Slitting just upstream of winding should lead to good roll edge alignment. The slit edge is created by the knife position, which should be accurate to a couple mils or less. Good tensioning and tracking from slitting to wind up should maintain this accurate edge position in the winding roll. A short, well aligned web path from slitting to winding will ensure the best roll edges.

Spreading-Spreading is often included just upstream of winding to prevent wrinkles entering the winding roll. A spread may be used as the gap roller in gap winding or as the roller immediately upstream of the nip roller in nip or surface winding.
Spreading is also common before slitting to ensure the web is taut and flat as it is cut. Any buckling of the web between slitting knives will create slit strand width variation.
If slit rolls are all wound on a common shaft of surface winding position, then spreading may be required to create a gap between the rolls to prevent shuffled layers. However, spreading slit strands introduces the possibility of a tracking error and will usually create less precise edge alignment in the slit rolls.

Duplex Winding-Duplex winders have two winding positions. The two positions may be ‘in’ and ‘out’, such as with a duplex turret winder, alternating between the winding position and the roll loading / unloading position. In a slitter, duplex means two winding positions where alternating odd and even number slit strands are routed to one of two winding shafts.

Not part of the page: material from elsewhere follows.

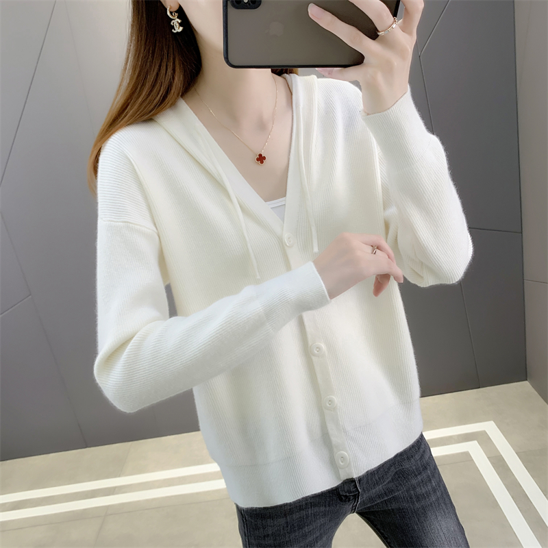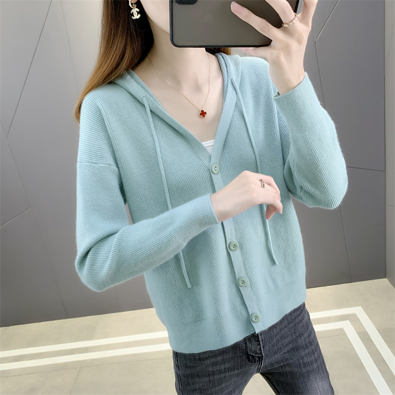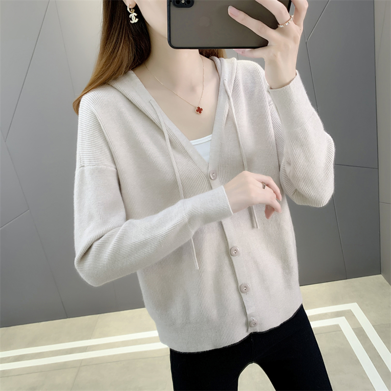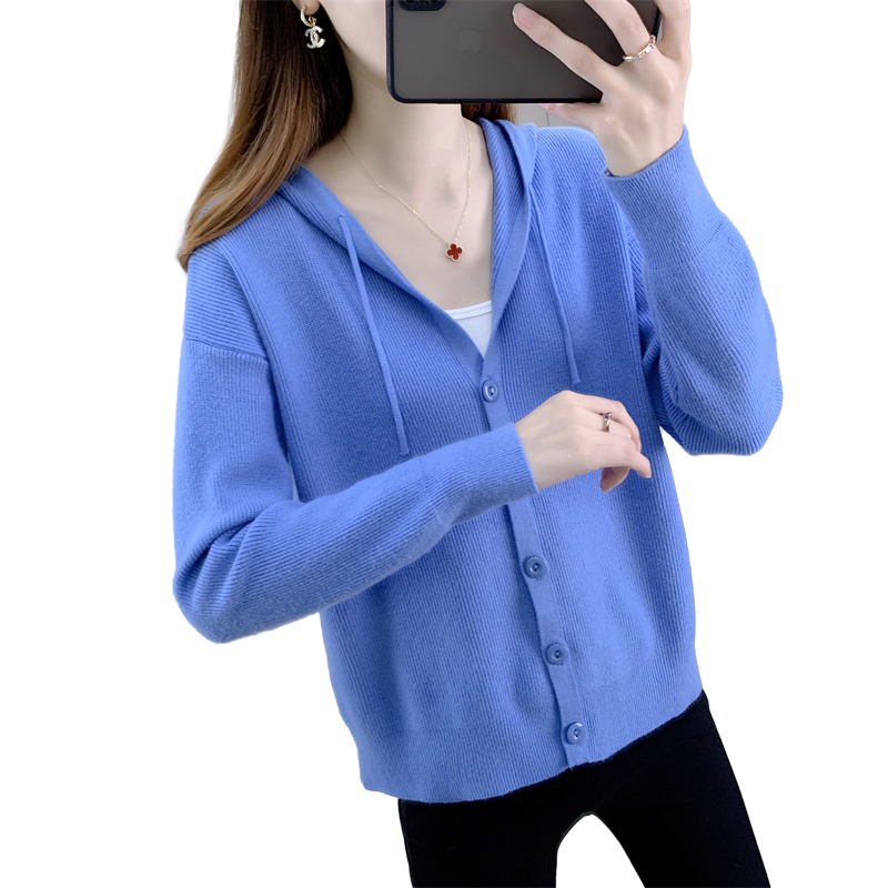 Hooded knitted jacket women's short loose loose outer wear 2022 spring and autumn new ladies knitted cardigan all-match thin women

Turret Winding-Turret winders are used to aide in aligning the web of a finished roll to a new core. Two winding spindles are mounted parallel to each other, indexing from the winding position to a roll unloading / core loading position. When a winding roll is complete, the turret rotates the new core into the winding position, maintaining tension on the web. With manual or automatic roll transfer, the web can then be attached to the new core in the proper lateral position.

Turret winders are commonly used at the end of extrusion and coating lines to allow uninterrupted continuous operation. Turret winders are also used on some high end slitter-rewinders to reduce roll change-over time and improve alignment and tensioning of new slit rolls.

A duplex turret system is an advanced option for slitter-rewinders using four winding shafts and two turrets.

Roll Transfers-There are three methods to transfer the web from a finished roll to a new core: manual, automatic zero-speed, and automatic at-speed splicing.
Manual splicing is completed entirely by the operator, sometimes with alignment help of a turret system. Manual splice may be a serious safety hazard if attempted on a moving web.
Zero-speed splicer will automatically sever, align, and attach the expiring web to a new core while the web is stopped. Zero-speed splicers are often paired with web accumulators to collect and dispense the web between the stopped and running process. The length of web accumulated is equal to total time required to decelerate and splice times your line speed.

At-speed splicing is required when line speeds and splice time make accumulator size unreasonable. The four steps of at-speed roll transfers are: speed match the new core to the expiring web, paste the web to the new core, sever the web from the expiring roll, and switch over the tension control to the new core.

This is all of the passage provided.